A bit about me!
Updated: Dec 9, 2019
My name is Sadie, and the name for my blog, "The Mixed-Up Minimalist" is perfectly fitting. I wanted the name to work on different levels… I didn’t realize how many levels could be achieved. The obvious word that come to my mind for the title was “minimalist” a word that encompasses my journey over the last couple years. The “mixed-up” portion is a little different, initially I thought of this in the shower, as I was listing off different adjectives that start with the letter “m” that could describe me. I landed on “mixed” I thought, ah yes, being mixed is definitely a defining characteristic in my life, it also plays into one of my overall pillars of encouraging and educating POCs that minimalism is not just a “white hippy fad.”

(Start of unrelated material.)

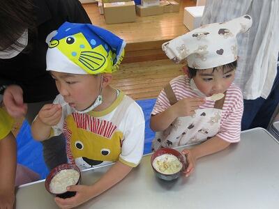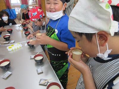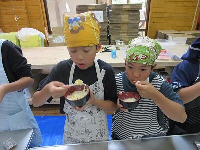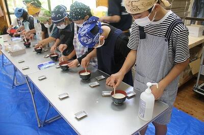 そば打ち体験では、講師や保護者の方々に手順を教えていただきながら活動をし、そばを打った後、全員で試食を行いました。自分たちで栽培したそばの味は格別のようでした。子どもたちは、これまでの活動を思い出しながら、おいしくそばをいただいていました。
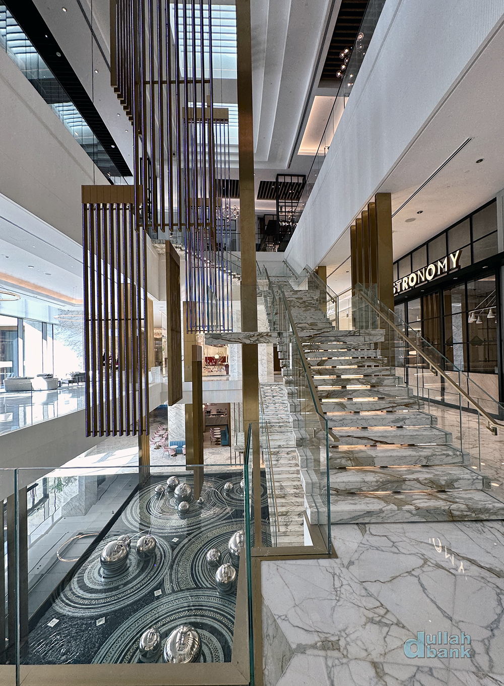 갤러리아 일대에 있는 계단 주위는 플로팅 계단, 수직 조형물, 공, 물의 반사 등을 활용해 단순한 계단이 아닌 하나의 예술작품처럼 보입니다.

Then I thought, what about “mixed-up?” As in being confused and spun around and unsure of where to go next, which very much has been my minimalist journey. I initially thought minimalist was a direct path, you start with a lot of stuff and then you end with less stuff. Joke was completely on me, little did I know that the minimalism journey is more like walking through a maze, where there are several paths that branch off into new mazes, definitely some dead ends, and somehow you can end up right back at the beginning.
Then I decided to google “mixed-up” and I got the lovely Mariam Webster definition of “(of a person) suffering from psychological or emotional problems. That’s heavy. Whoa, not what I was going for… but then I thought about my journey and when I actually (unknowingly) started being a minimalist. I was sitting on the floor, crying in my room, surrounded by piles and piles of clothes. I was moving to Portland in two days and I was so overwhelmed not only by the thought of the move, but just the sheer amount of stuff I actually had. I could not bring myself to sort my own clothing, I was definitely experiencing psychological, and emotional problems.
Thankfully with the help of friends and family I was able to sort through all of my junk. I shipped a few boxes and packed my car with my cat and the rest of my belongings. As I made the road trip from OKC to PDX ,I realized everything I owned could fit inside of a Volkswagen, and I liked the thought of having less stuff and less stress.
Over the next nine months, I bought a bed, a desk, patio furniture and a ton of other stuff to fill the large apartment I shared with my roommate. I had somehow accumulated more things than I needed, simply to fill the space I had. When I moved into my current studio apartment with a grand total of 385 square feet, I had to go through another huge reduction in my personal items. I have now been my my tiny studio for almost two years and I largely contribute it to the reason I pursue minimalism... I really can't have a lot of items in a space that is so small.
So after almost three years from my initial breaking point, I was able to dig myself out of my psychological and emotional attachment to items, and realize that “mixed-up” is the perfect phrase to describe me, and this page was born.